For all the political debate over blame for tepid hiring, Diffley’s research found one clear culprit: the “real estate boom and bust.” States with the biggest problems in housing remain a drag on the national employment picture, and are taking longer to return to healthy hiring.
Construction-sector hiring peaked in August 2006 and then shed 2.1 million jobs. One on in four construction workers didn’t return to the trade, underscoring why bust states continue to struggle.
The housing-market collapse hit employment in two ways. One was direct, through lost construction jobs in Florida, Arizona and similar boom-to-bust states. The other was the deflating bubble in home prices, which hit parts of California and big cities in the Southeast such as Atlanta and Charlotte and Raleigh, N.C. Falling home prices hurt consumer spending, which indirectly feeds into job creation.
Fifteen states are 5 percentage points or more from their peak employment levels.
These include states hit hardest by the housing downturn – Arizona, Florida and Nevada – the latter faring worst among all states at 13 percentage points off peak employment.
Michigan wasn’t far behind, at more than 11 percentage points off of its peak hiring. Arizona and Florida, both of which were at the epicenter of the housing crisis, are still more than 9 percentage points off peak employment.
“There are some areas that are clearly ahead of the game, but the areas that were severely impacted by the recession are the big industrial states, the hot Sun Belt states; they still have a long way to go,” said Mark Vitner, senior economist for Wells Fargo Securities in Charlotte, N.C.
Specializing in the Southeast, Vitner’s research finds results similar to the IHS study and sees improvement coming to much of the nation.
“It seems to me that the economy is expanding on a broader base . . . and more states are seeing job gains. The recovery is much broader, which means it is more sustainable than it has been in the past (few years) but it isn’t particularly strong,” Vitner said.
Diffley was surprised by the resilience of the Northeast, where housing was less of an economic problem than it was in other places.
“You can argue that in the Northeast, it was worse in the 1990s” recession, he said, noting that Wall Street problems haven’t weighed down the Northeast as much as they did two decades earlier.

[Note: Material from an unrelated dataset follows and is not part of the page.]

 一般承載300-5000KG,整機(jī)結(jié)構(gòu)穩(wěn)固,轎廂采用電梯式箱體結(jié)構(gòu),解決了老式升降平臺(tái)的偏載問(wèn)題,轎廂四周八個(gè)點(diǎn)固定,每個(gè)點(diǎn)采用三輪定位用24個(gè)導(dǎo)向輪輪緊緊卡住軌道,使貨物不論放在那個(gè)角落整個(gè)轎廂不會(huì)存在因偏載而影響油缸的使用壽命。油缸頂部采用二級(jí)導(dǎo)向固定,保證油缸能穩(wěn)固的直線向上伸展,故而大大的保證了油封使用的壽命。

Despite being in the middle of the pack, North Carolina is growing again, Vitner said, and South Carolina is seeing more industrial hiring as BMW expands its auto manufacturing, Boeing operates a new plant in the state and tire makers are returning to the region.

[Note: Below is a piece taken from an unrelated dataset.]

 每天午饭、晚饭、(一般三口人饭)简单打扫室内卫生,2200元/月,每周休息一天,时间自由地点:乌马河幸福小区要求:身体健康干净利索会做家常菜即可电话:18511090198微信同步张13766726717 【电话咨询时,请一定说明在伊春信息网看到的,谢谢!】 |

“Most of the improvement in North Carolina is in Charlotte and Raleigh. Virtually all of the metro areas are seeing some improvement,” Vitner said.
In Florida, housing has bottomed as Latin American investment is flowing in the southern half of the state, but Vitner warned that “we fell so hard in Florida that we’ve got so much ground to make up.”
The broad recovery doesn’t always show up quickly in the employment numbers, cautioned Marisa Di Natale, the director of research for forecaster Moody’s Analytics, in West Chester, Pa.
“The breadth of the recovery has spread, both in terms of geography and in terms of industries, and that is pulling more states into the recovery that had been excluded at the outset,” Di Natale said.
Nevada’s employment numbers look bad, but Las Vegas is enjoying an uptick in tourism as the wider economic recovery allows businesses to schedule conventions and consumers spend more.
“Even in Florida, other industries outside of housing are doing well. Florida is benefiting from tourism,” Di Natale said. “When you look at more recent data, some of those states that fell the most are coming back more strongly.”
Similarly, parts of California look much better than its 6.5 percentage points off peak employment. The Central Valley and areas east of Los Angeles continue to struggle because of excessive homebuilding and the real estate bust. But tourism and port activity have helped Los Angeles, and tech companies have buoyed the Bay Area.
“You’ve got to break California into its parts,” Diffley said.